Oral Health Zone project coming to Nobles County
Trainings designed to lead to more proactive care for poor childrenWORTHINGTON — A medical doctor practicing with the University of Minnesota’s Department of Pediatrics is hoping to make a statewide impact with an initiative to improve the oral health of poor children on medical assistance programs
By: Julie Buntjer, Worthington Daily Globe
WORTHINGTON — A medical doctor practicing with the University of Minnesota’s Department of Pediatrics is hoping to make a statewide impact with an initiative to improve the oral health of poor children on medical assistance programs.
With grant funding from the Dental Trade Alliance, 3M and the National Children’s Oral Health Foundation, Dr. Amos Deinard has laid the groundwork for a project with the Minnesota Department of Health’s oral disease prevention unit and the National Children’s Oral Health Foundation to train medical doctors to provide basic dental care to disadvantaged children.
Deinard has contacted health care providers in the area to offer training on identification of, and treatment for, dental caries, which is the process of the enamel getting etched and ultimately leading to erosion and tooth decay.
As a doctor who received his medical education in the 1960s, Deinard said he wasn’t taught dental care in the classroom because people are supposed to see their dentist when they have a tooth ache.
In today’s environment, however, children on government-funded medical programs like Medicaid or Minnesota Care rarely have access to an actual dentist.
“In about the mid-’90s, dentists across the country took a hard stand that if you’re on Medicaid, we really don’t have any interest in taking care of you,” Deinard said.
As a result, there’s a growing problem of untreated dental problems in young children.
Nobles County was one of nine Minnesota counties initially identified by Deinard for the Oral Health Zone project. It was chosen primarily because of the high rate of Medicaid-eligible children living here. Now, he’s hoping to establish zones in 32 counties.
With vocal support already from Sanford, Avera, Affiliated Community Medical Centers and most recently the Mayo Health System, Deinard’s next step is to organize times and locations to meet with health care providers to conduct the trainings. He’d like to meet with staff from the area, particularly Rock, Nobles, Murray, Pipestone and Lyon counties.
The meetings would include distribution of photographic images of dental caries to give health professionals a better idea of what to look for, as well as a demonstration of applying a fluoride varnish to help protect the teeth from decay.
“The act of putting the varnish on and educating the caregiver should be delegated to the lowest-paid member of the medical staff,” Deinard said. “If you can put polish on your nails, I can train you to put varnish on in probably 30 seconds — it takes less than 3 minutes to do all 20 primary teeth of a young child.
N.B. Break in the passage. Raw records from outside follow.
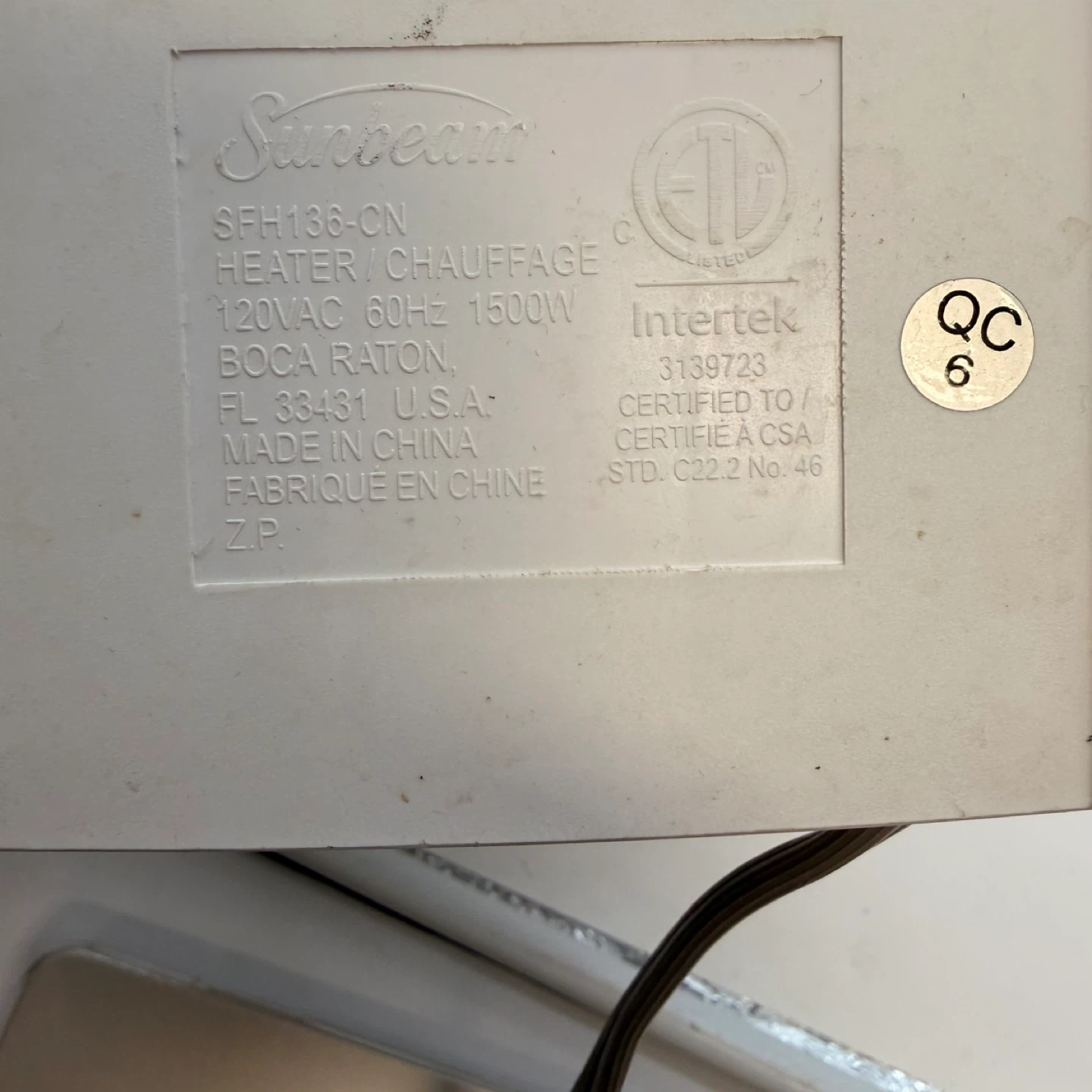 Sunbeam SFH136-CN Heater
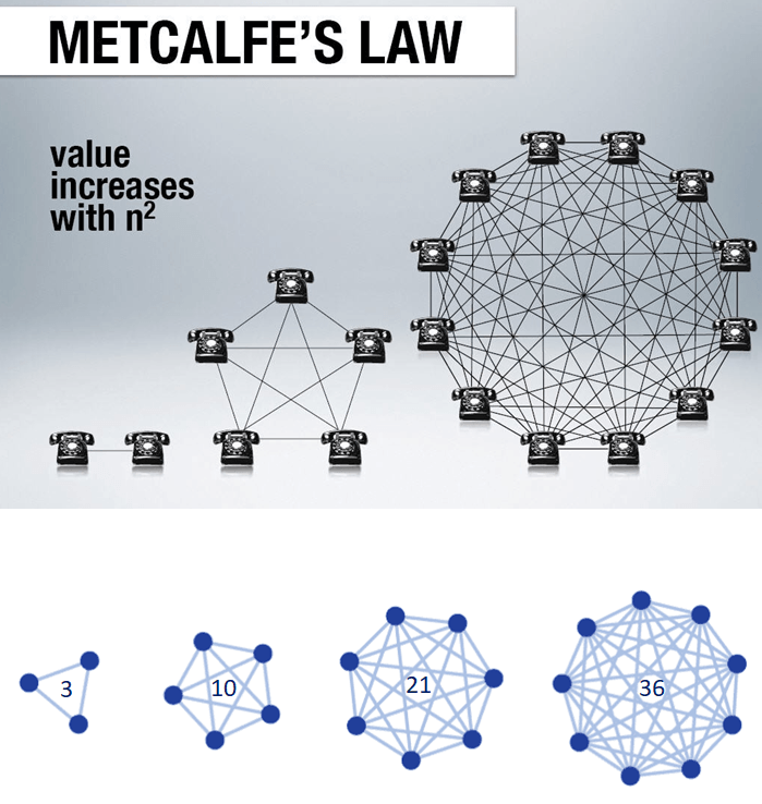 According to the diagram above, if we have three telephones (apps) on the network, then three connections can be made. However, the remarkable thing is that if there are five telephones, then ten connections can be made, while if there are seven telephones in the network, then we have twenty-one connections, and with nine telephones, thirty-six connections. In other words, increasing the number of phones (apps) works exponentially on these connections. The more people using the network, the more users they will attract. The network is an ecosystem that can enjoy exponential growth when individuals use it according to Metcalfe's law. The more people are involved in an ecosystem, the more valuable it becomes.
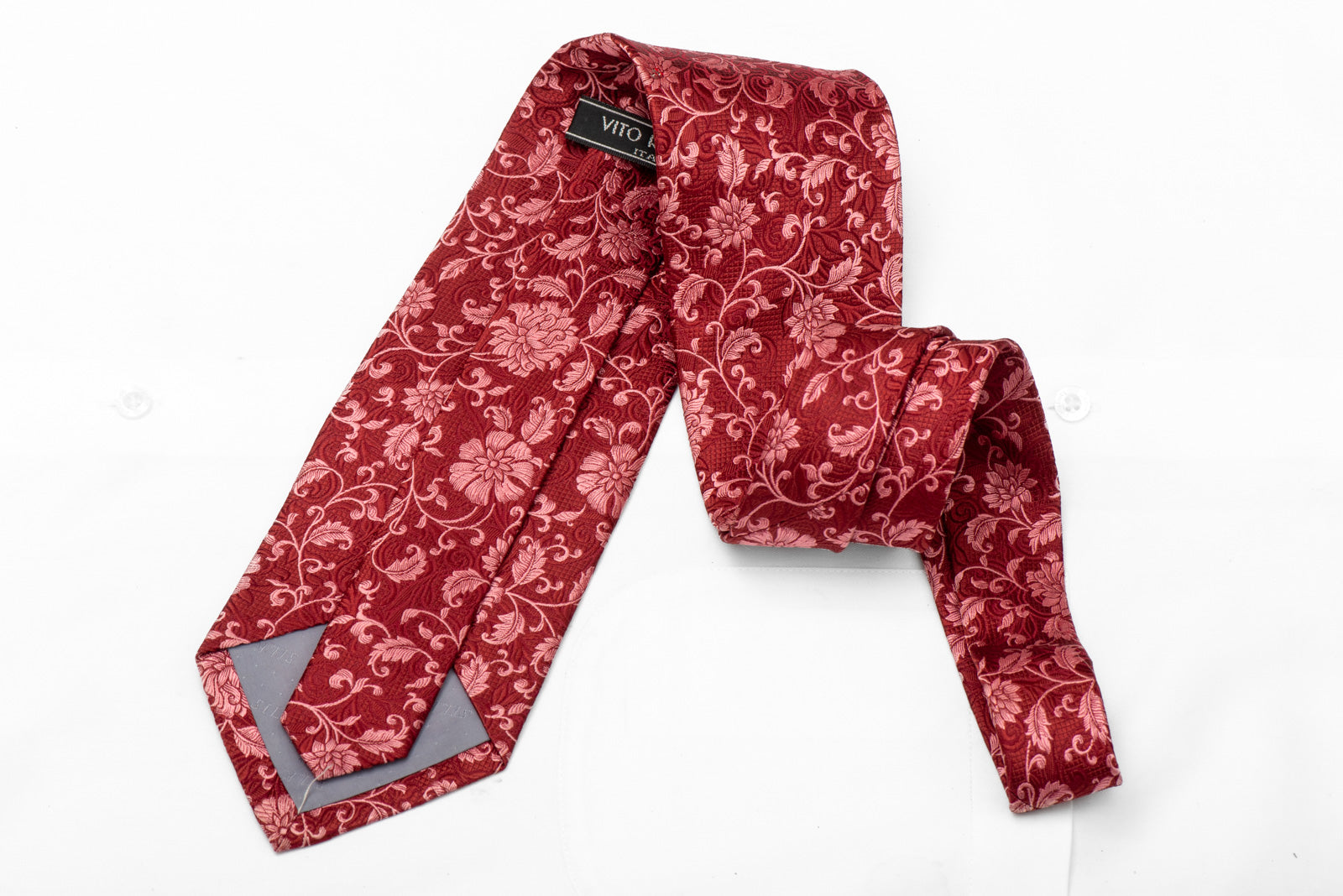 Material - Silk Design - Floral Cor - Red Comprimento - Classic (48 in.-60 in.)(145cm-153 cm) Largura - Classic (3 1/4 in.-3 3/4 in.)(8 cm-9.5 cm) Recursos especiais - Rhinestones Fornecedor - Vito Rufolo

“Nobles County public health should be putting varnish on now because they were trained,” he added. Agencies are reimbursed $14 for each fluoride varnish completed.
In addition to applying the fluoride varnish approximately four times per year, Deinard encourages health professionals to also educate the parents so their children exercise proper brushing habits. At the same time, parents have to learn not to give their children sugary drinks at bedtime, from milk to juice. Plain water is the only thing they should be given in a bottle or a sippy cup.
“The goal here is prevention,” Deinard said. “Caries is an infectious disease, and it is thus preventable.”
Without training medical professionals to perform oral health care during well-child visits, Deinard fears dental caries will continue to be a major problem.
Children who suffer from tooth decay and abscesses end up in emergency rooms all too often, which leads to high medical costs and usually just a temporary fix to the underlying problem, he said.
Deinard spoke of one instance where a child was taken to the ER for the same tooth problem 11 times in a one-year period, and the problem was never fixed because ER docs don’t pull teeth.
“Dental care in an emergency room isn’t complete care — you’re paying $400 to $500 for incomplete care in an ER — because they didn’t have dental care to fix the problem,” he said. “There’s huge dollars being spent by health plans paying for kids who have no dental care, have abscessed teeth and end up in the ER.”
By establishing an Oral Health Zone in Nobles County, Deinard wants the community to take ownership of the caries problem affecting its children.
“The docs can do prevention and the dentists can agree, under the watchful eye of the citizens of the county, to take any referral that comes their way,” he said.
Deinard’s grant funding to lead the trainings will run out by the end of this year, but it’s a project he feels so strongly about that he’s willing to see it through.
“It’s a project I want to see come to fruition and actually accomplish something,” he said.